Sometimes, Even 3-Year-Olds Just Want to Fit In With the Group

Summary: By the age of three, children are more likely to go along with what peers say in order to follow the crowd, rather than acting out of a desire to follow authority.

Source: Duke University

What makes preschoolers eat their veggies? Raise their hand? Wait their turn? “Because I say so” is a common refrain for many parents. But when it comes to getting kids to behave, recent research suggests that the voice of adult authority isn’t the only thing that matters. Around age three, fitting in with the group starts to count big too.

That’s the finding of a new study by Duke University researchers showing that, by their third birthday, children are more likely to go along with what others say or do for the sake of following the crowd, rather than acting out of a desire to kowtow to authority or heed that person’s preferences per se.
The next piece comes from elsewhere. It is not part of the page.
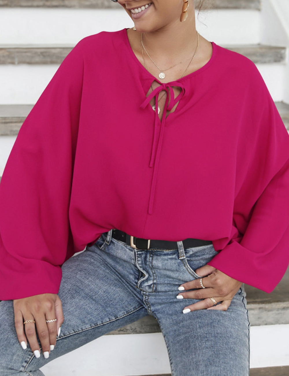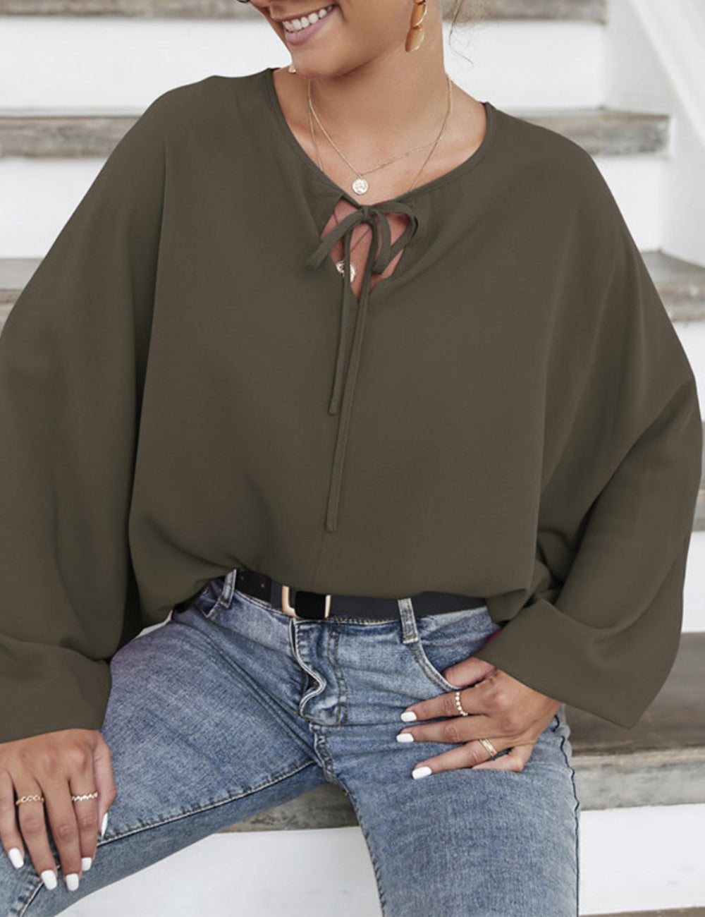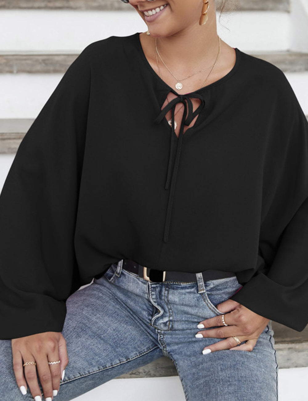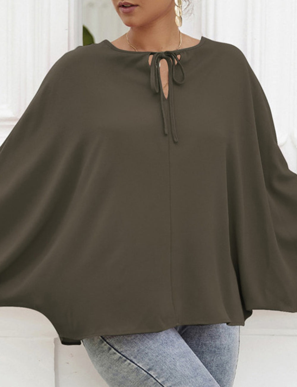 La blusa Anna-Kaci tiene mangas dolman únicas. Tiene un escote redondo con lazo, un color liso y un corte holgado. Combínala con una falda vaquera y botas para lograr un look fabuloso.

“Every culture has its do’s and don’ts,” said first author Leon Li, a doctoral student in psychology and neuroscience at Duke.

We’re not born knowing what to say when someone sneezes, the right and wrong time to wear a hat, or that we should eat with a fork and not with our hands. But most of us begin to pick up on these unwritten social rules when we are very young, and quickly figure out when and how to follow them.
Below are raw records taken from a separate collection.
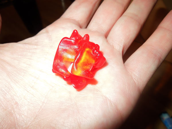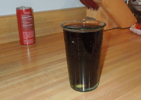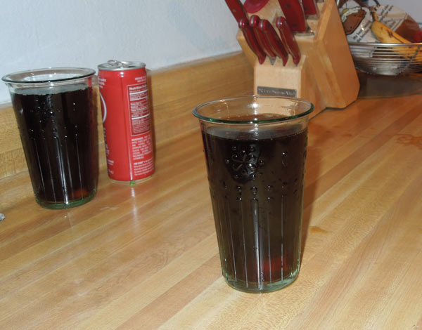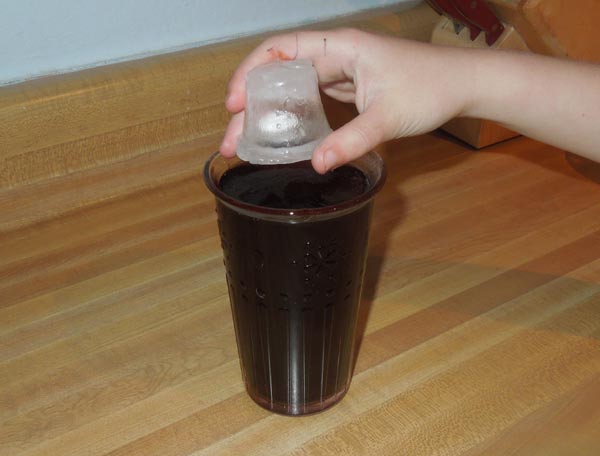 Despite every other time-release method falling short, I couldn't see how these were going to fail. Armed with a fresh glass of Coke, we dropped one in! It floated magnificently, quickly melting in the uncooled Coke. It fizzed quite a bit as the shell was breached and Coke began to seep inside. Ideally, the bottom would have melted first, dropping the dry mentos right to the bottom of the glass, but it didn't always work that way (we tried twice). The shape of the ice cube rotated on top of the coke, finding a new center of gravity as the lower section melted.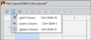 Column、Rowのサイズを-1に設定すると、ViewコンポーネントのサイズよりColumn、Rowのサイズの設定値を差し引いた残りのViewコンポーネントのサイズを均等に分けたサイズで自動設定されます。 例えば、Viewコンポーネントの横サイズが400の場合、Aカラムを200に設定し、B、Cカラムはそれぞれ-1に設定すると、B、Cカラムはそれぞれ100((400-200)/2)に設定されEditorに表示されます。
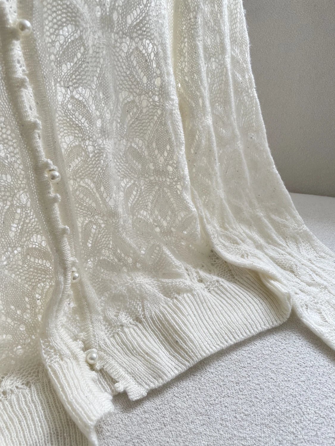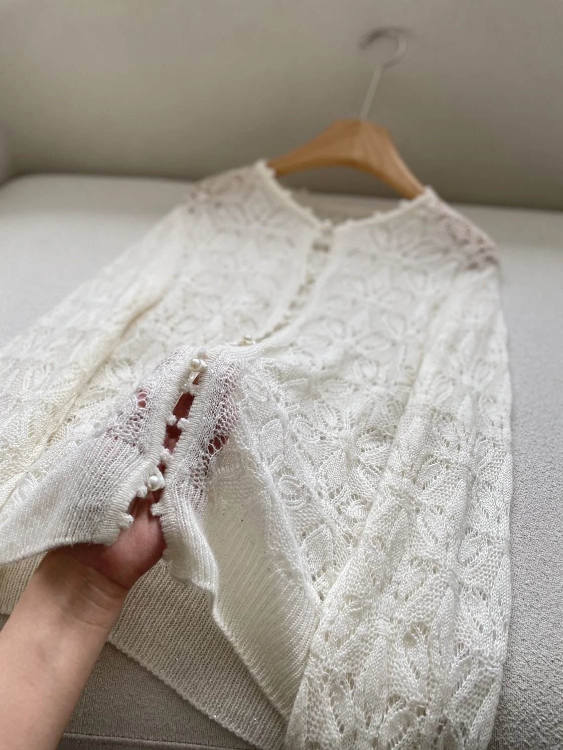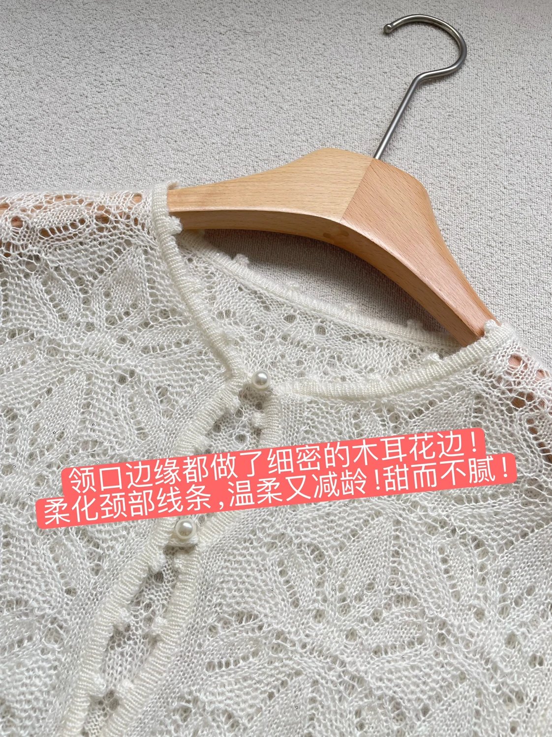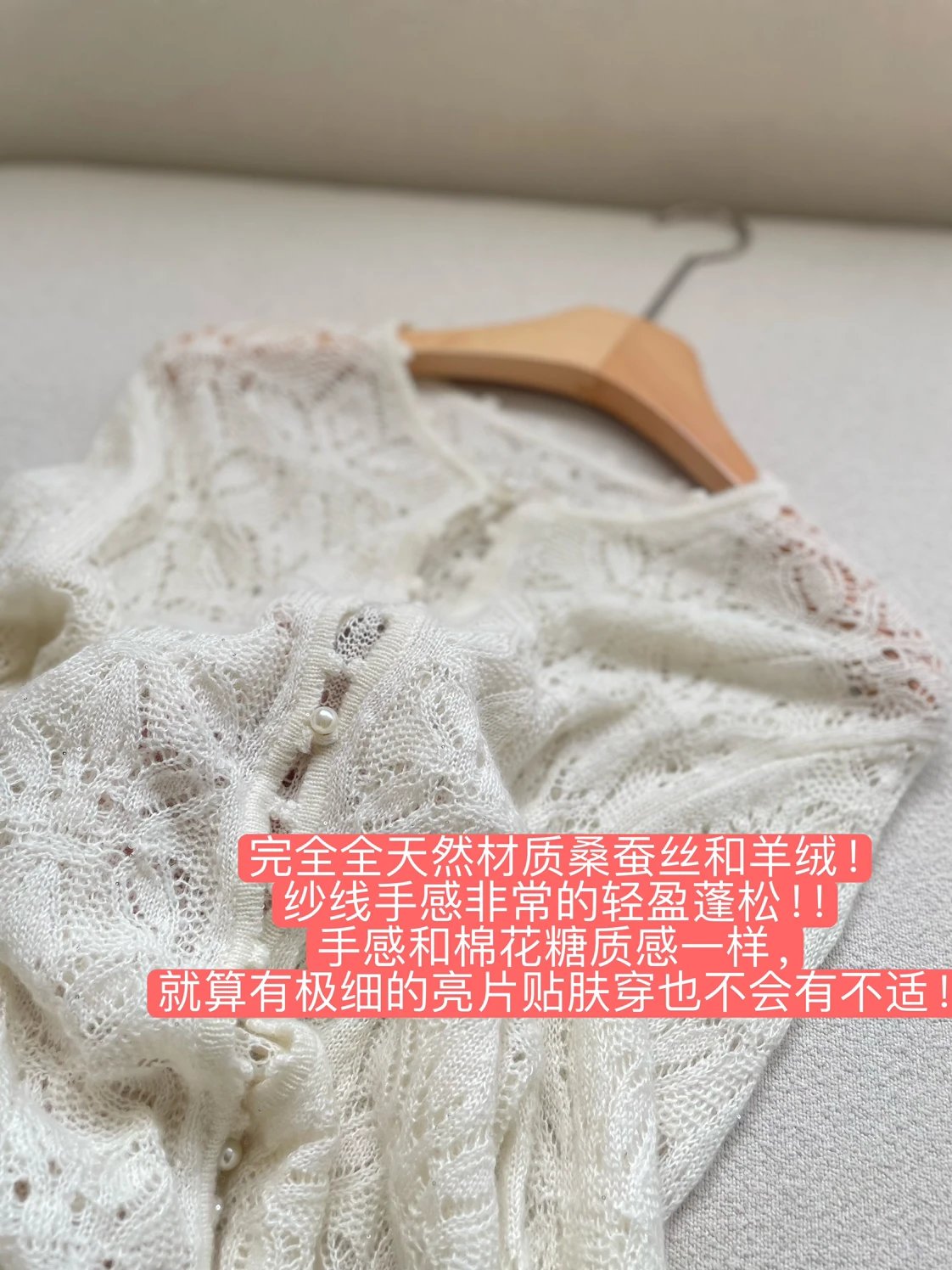 重磅渠道 ER真丝羊绒镂空勾花开衫 超美珍珠扣开合针织开衫 温柔减领早春开衫

The question, Li said, is what makes young children “behave”? What propels a 3-year-old to use their quiet voice when they’d rather sing and shout? What’s really going on when a person covers their cough and a preschooler follows suit, against their own inclination?

Perhaps children this age are not really trying to conform to the accepted way of doing things, some have suggested, as much as they are trying to show regard for adults by doing what they say. Or the child’s copycat behavior could be rooted in a desire to feel bonded with that person.
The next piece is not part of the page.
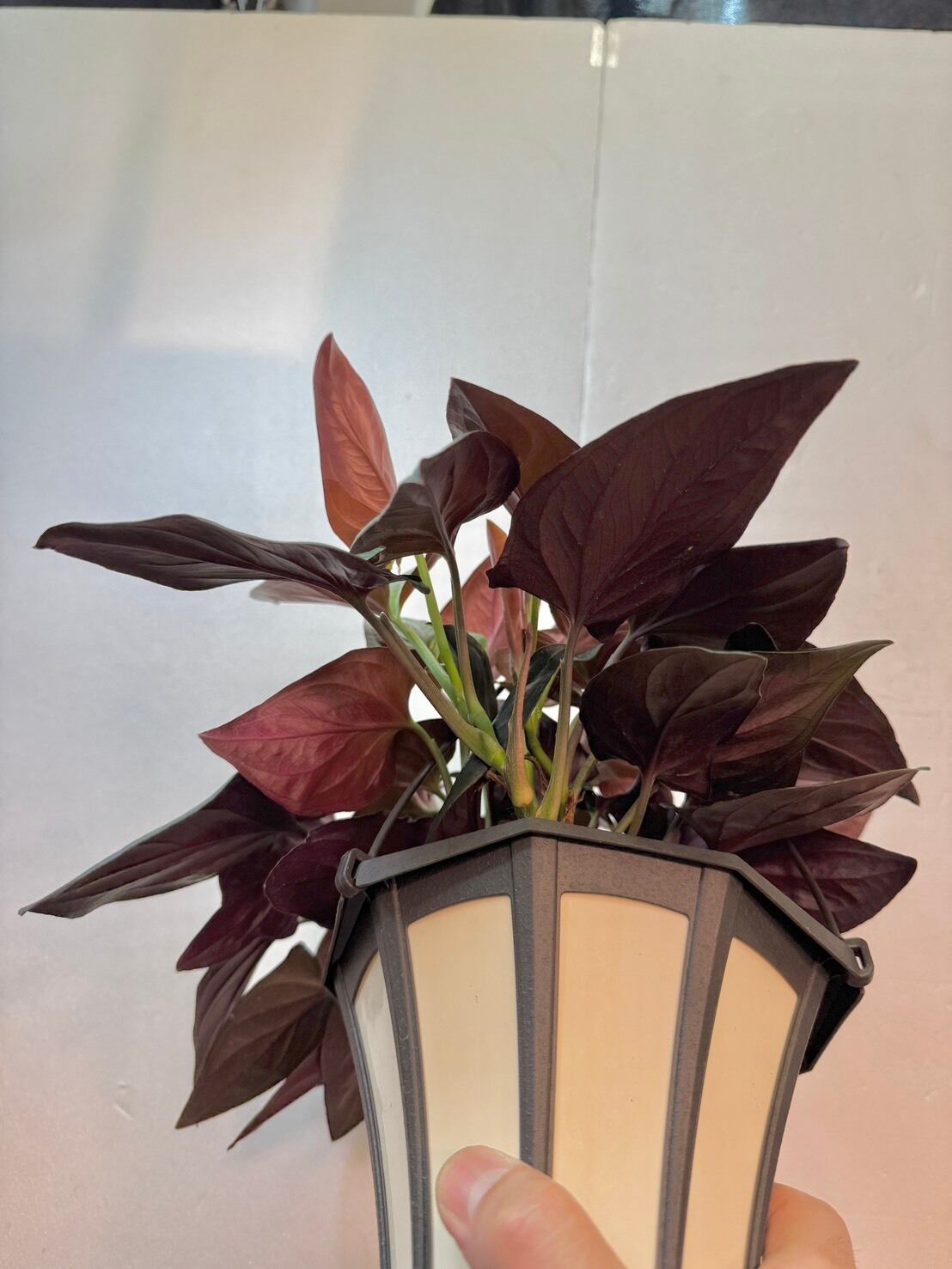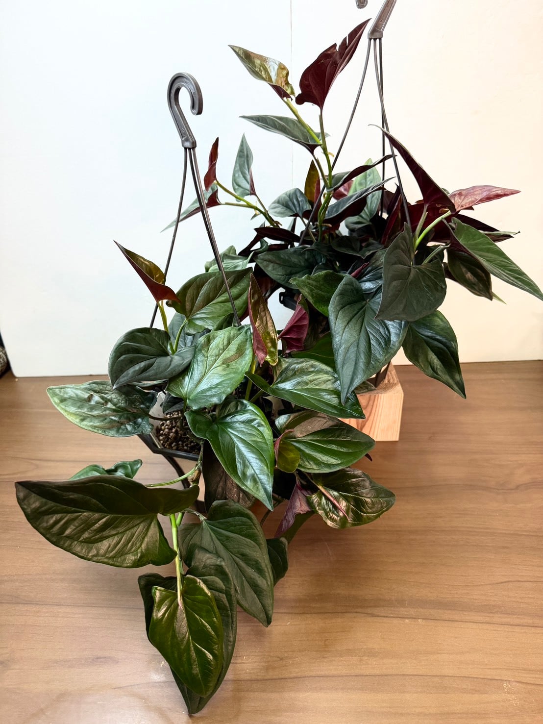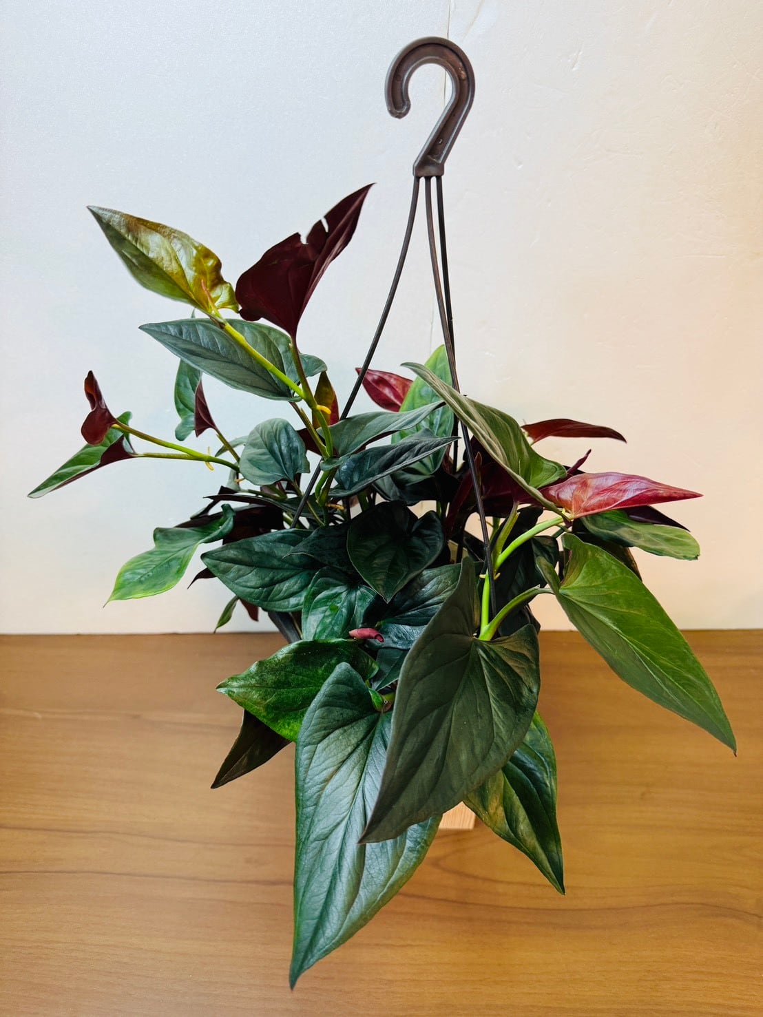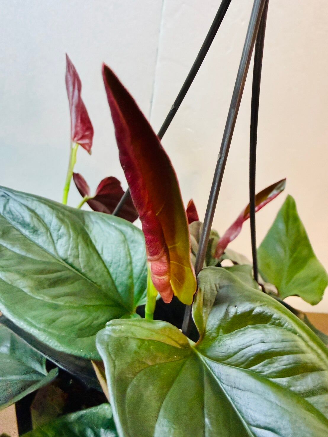 シンゴニウム・チョコレートは、濃い緑色と赤紫色の二色の葉色で矢尻形をした葉が特徴です。

To better understand what motivates preschoolers to fall in line, the researchers conducted a study in the lab of professor Michael Tomasello at Duke, where Li and Duke undergraduate Bari Britvan invited 3.5-year-olds to help set up for a pretend tea party.

Each of the 104 children was given a blue sticker to wear at the start of the study, and told that the people with that color sticker were part of the same team.

Next the researchers watched as the children decided among different kinds of teas, snacks, cups and plates for the tea party, first on their own and then after listening to the choices of other team members.

Sometimes the other team member framed their choice as a matter of personal preference. (“For my tea party today, I feel like using this snack.”) Other times they presented it as a norm shared by the whole group: (“For tea parties at Duke, we always use this kind of snack.”)

This shows two little girls walking in a park
Next the researchers watched as the children decided among different kinds of teas, snacks, cups and plates for the tea party, first on their own and then after listening to the choices of other team members. Image is in the public domain

After listening to the choices of others, most of the time the children stuck with their first choice. In other words, children who initially said they felt like using, say, the donut eventually wound up picking the donut no matter what the other person said they were using.

But 23% of the time the children switched their choice to settle for someone else’s. And when they did, they were more likely to go along with the other person when an option was presented as a group norm rather than a mere personal preference.

The pattern held up even when the other person was another child, not an adult, suggesting that the preschoolers weren’t simply acting out of a desire to imitate adults or obey authority.

Li says the findings lend support to an idea, proposed by Tomasello and colleagues, about how children develop the moral reasoning capacity that sets humans apart from other animals.

When an adult says to an infant or a toddler, “we don’t hit,” the child generally does as she’s told out of deference to that person. But eventually, by around their third birthday, children start to think in a different way. They begin to understand cues such as “we don’t hit” as something larger, coming from the group, and act out of a sense of connectedness and shared identity.

About this psychology research news

Source: Duke University
Contact: Press Office – Duke University
Image: The image is in the public domain

Original Research: Open access.
Young children conform more to norms than to preferences” by Leon Li, Bari Britvan, Michael Tomasello. PLOS One


Abstract

Young children conform more to norms than to preferences

As members of cultural groups, humans continually adhere to social norms and conventions. Researchers have hypothesized that even young children are motivated to act conventionally, but support for this hypothesis has been indirect and open to other interpretations.

To further test this hypothesis, we invited 3.5-year-old children (N = 104) to help set up items for a tea party. Children first indicated which items they preferred but then heard an informant (either an adult or another child) endorse other items in terms of either conventional norms or personal preferences.

Children conformed (i.e., overrode their own preference to follow the endorsement) more when the endorsements were framed as norms than when they were framed as preferences, and this was the case whether the informant was an adult or another child. The priority of norms even when stated by another child opposes the interpretation that children only conformed in deference to adult authority.

These findings suggest that children are motivated to act conventionally, possibly as an adaptation for living in cultural groups.